С третьей попытки мне удалось-таки подняться на ноги. Я еще чувствовал неуверенность, но в общем мне стало как будто лучше. Я медленно направился к бараку. Все еще спали, лишь немец Хауфман, живописец, стоял возле створки распахнутого окна и, глядя в стекло, как в зеркало, писал автопортрет. Он был в нашем бараке единственный немец: лет сорока, костлявый, сухой, угрюмый. Рисунки его представляли собой причудливые фантасмагории. Он тоже оформлял наш спектакль, но мы поручали ему рисовать только заросли джунглей.
Наши взгляды встретились, мы молча кивнули друг другу. Двигаясь вдоль стены, я увидел его рисунок, прислоненный к краю нар. Хауфман с автопортрета смотрел на меня пустыми глазницами черепа среди хаоса черных и белых пятен.
Я прислонился к стене и бессильно сполз по ней на пол. Это была уже не игра.
Здесь меня и нашел по пути в лазарет лейтенант Степан Исаев. Присев рядом, он стал задавать мне вопросы. Я в испуге затряс головой: дескать, нет, ничего не понимаю.
— Мадьяр?
— Да! Да! Мадярски актор, — ухватился я за свой общественный ранг.
— О, доктор?
— Нет! Нет доктор. Актор.
— Хорошо.

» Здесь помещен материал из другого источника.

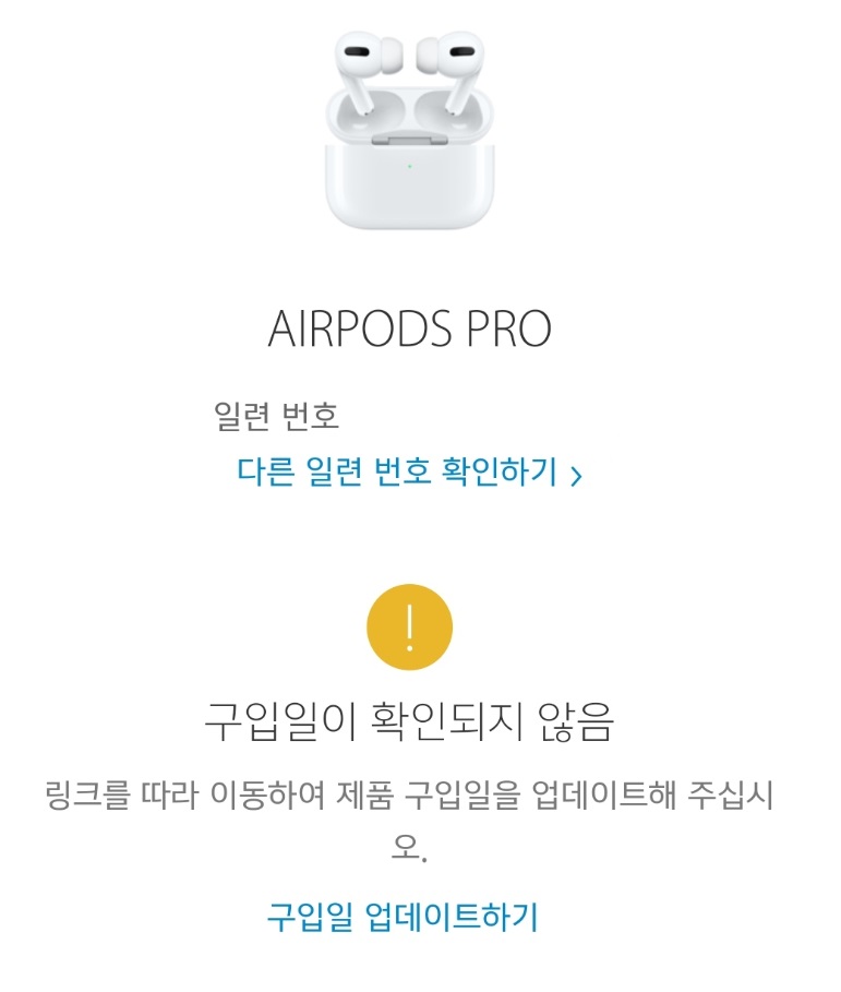위와 같이 구입일이 확인되지 않는 경우, 구입일을 수동으로 업데이트해줘야 합니다.

Parlez-vous francais?
— Oui, Monsieur, — благодарно простонал я. — Je, parle un peu…[10]
Степан Исаев улыбнулся и положил меня у стены на спину.
ДОКТОР
Во внешности врача, пятидесятилетнего маленького человека с волосами, выгоревшими на солнце, и ласковыми голубыми глазами, мужественной выглядела разве что только оправа очков.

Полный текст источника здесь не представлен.